1. The problem statement, all variables and given/known data
If a and b are positive integers, then ab=gcd(a,b)*lcm(a,b).

2. Relevant equations
I am allowed to use the following propositions which have already been proved:

(1) If d is a common divisor of a and b, then ab/d is a common multiple of a and b.
(2) If m is a common multiple of a and b and m divides ab, then ab/m is a common divisor of a and b.

A hint given:
set d=gcd(a,b) and m=lcm(a,b). Use (1) to show that ab/d>=m. Use (2) to show that ab/m<=d.

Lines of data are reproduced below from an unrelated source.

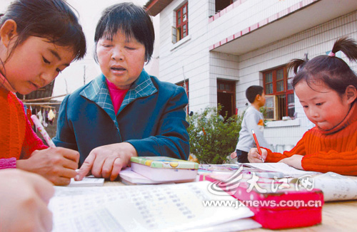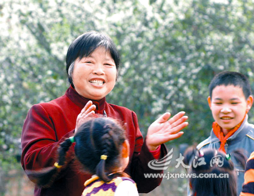 王金莲今年56岁,原赣县沙地镇中心小学语文教师。1995年一个偶然的机会,她托管了几名留守小孩,从此,留守孩子越来越多,她成了266个留守孩子心中的“母亲”。孩子们告诉记者,他们在这里生活得很愉快,平时“妈妈”不仅会照料他们的起居,而且会开展打球、跳绳等活动。沙地镇沙地村新田村小组11岁的留守女孩刘敏说,去年9月1日她加入这个大家庭,短短半年,她就长胖了5公斤。
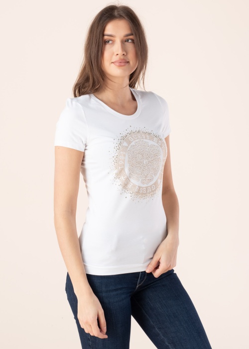 Efektīvs Guess t-krekls ļauj justies labi jebkur. Patīkami mīksts un elastīgs t-krekls ir ar apaļu kakla izgriezumu un ar daļēji pieguļošu piegriezumu. Priekšpusi rotā interesants dizains. Foto: augums 178 cm valkā S izmēru.
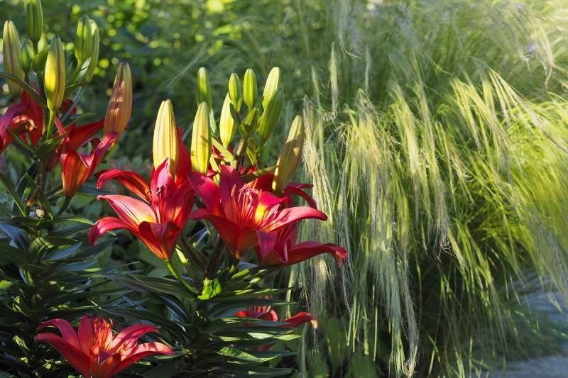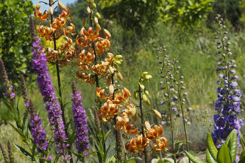 niskie lilie Sunset Matrix i Matrix (30-40 cm) zachwyciły mnie bardzo, bo fajnie można je wkomponować w zupełnie inne grupy bylin niż lilie wysokie
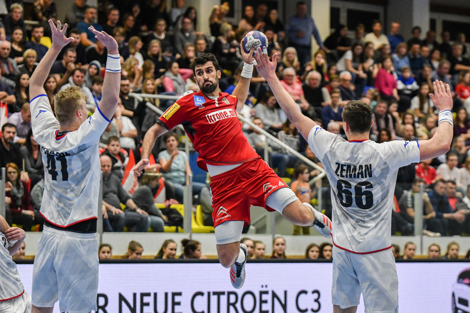 | Credit: Wikimedia photo by Granada licensed under Creative Commons To view the original image and license: https://commons.wikimedia.org/wiki/File:20180105_Men%27s_handball_Austria_-_Czechia_Janko_Bozovic_850_9203.jpg The older Java version of this picture puzzle is available if needed. |
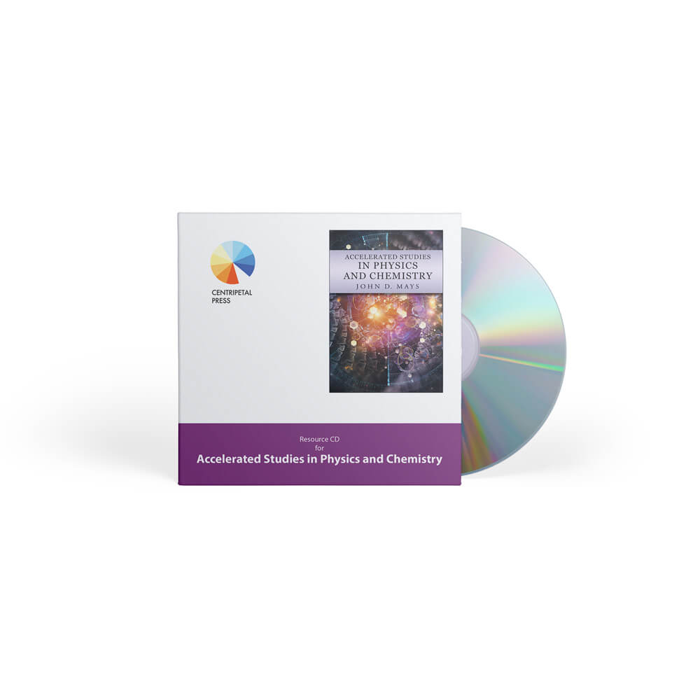 Note: As of 2020, physical Resource CDs have been discontinued and the files are now distributed as digital downloads, accessed through your My Library user account. The digital resources contain materials to support Accelerated Studies in Physics and Chemistry(ASPC) 2nd ed. All files are in Microsoft Word .doc format except for answer keys, which are in PDF format. To access your documents, please create an account on the Classical Academic Press website at this link. Once the account is created, please notify info@centripetalpress.com. You will be able to download your documents by navigating to the My Library page under your Account page.The Digital Resources are essential for implementing the mastery-learning paradigm central to the Centripetal Press educational strategy. The central component to our mastery-learning paradigm is weekly, cumulative assessments. The quizzes are cumulative all year long so that students are required to maintain a study strategy that keeps key concepts from previous chapters fresh while learning material from each new chapter.The Digital Resources also contains the Weekly Review Guide, another essential component for student success. Distribute weekly to guide students' review of key material from the past which will appear on forthcoming assessments.
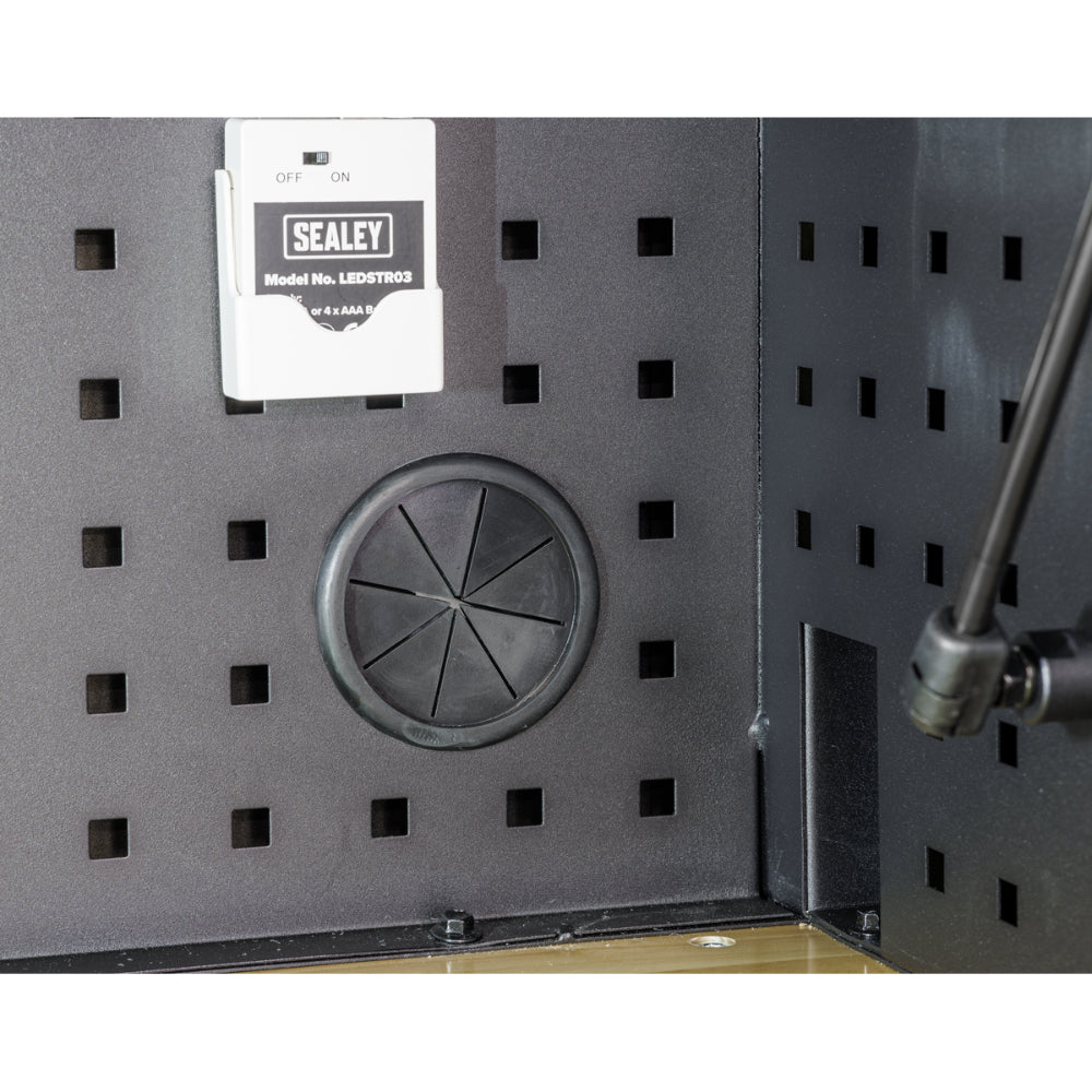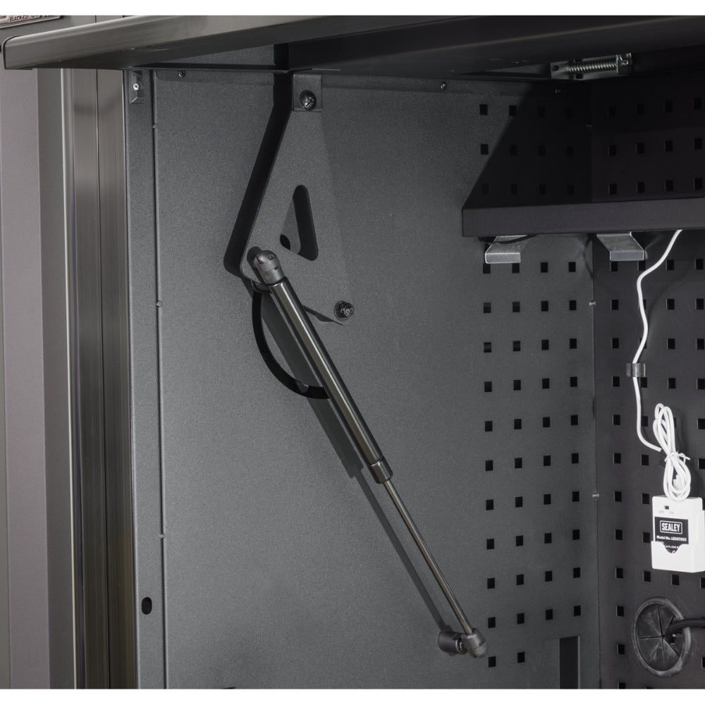 Heavy-duty top hutch with a 2-drawer riser in a 1 549 mm wide configuration, built for workshop storage systems. Features robust all-steel construction with steel inner walls, two riser drawers with 45 mm ball-bearing slides and full-height rear locking mechanism, non-slip liners and an upper hutch with gas-strut door, full-length shelf and pegboard back. Includes integrated power strip (4 × 230 V & 2 × 5 V USB) and LED lighting: ideal for professional garages.

3. The attempt at a solution
1. Let a and b be positive integers. Suppose d=gcd(a,b) and m=lcm(a,b).
2. By (1) ab/d is a common multiple of a and b so ab/d=aL and ab/d=bK
3. Multiply by m gives mab/d=aLm and mab/d=bKm
4. ab/d>=m

I am missing a step between 2 and 3. Any suggestions?
Thanks,
Scott

2. Feb 2, 2010

VeeEight

Re: ab=gcd(a,b)*lcm(a,b)

You have shown that ab/d is in fact a common multiple. Now you need to show that it is the least common multiple of a and b. To do this, write down the definitions of gcd and lcm and apply them to the equation. You can also try for a contradiction (assume that it is not the least common multiple to contradict d=gcd)

3. Feb 2, 2010

scottstapp

Re: ab=gcd(a,b)*lcm(a,b)

So we know that (ab/d)|a and (ab/d)|b. Therefore because ab is being divided by the greatest common divisor, it must equal its least common multiple. Therefore ab/d>=m. Correct?

To show that ab/m<=d we would say that because ab is being divided by its least common multiple it leaves its greatest common divisor. Therfore ab/m<=d.?

4. Feb 2, 2010

scottstapp

Re: ab=gcd(a,b)*lcm(a,b)

...?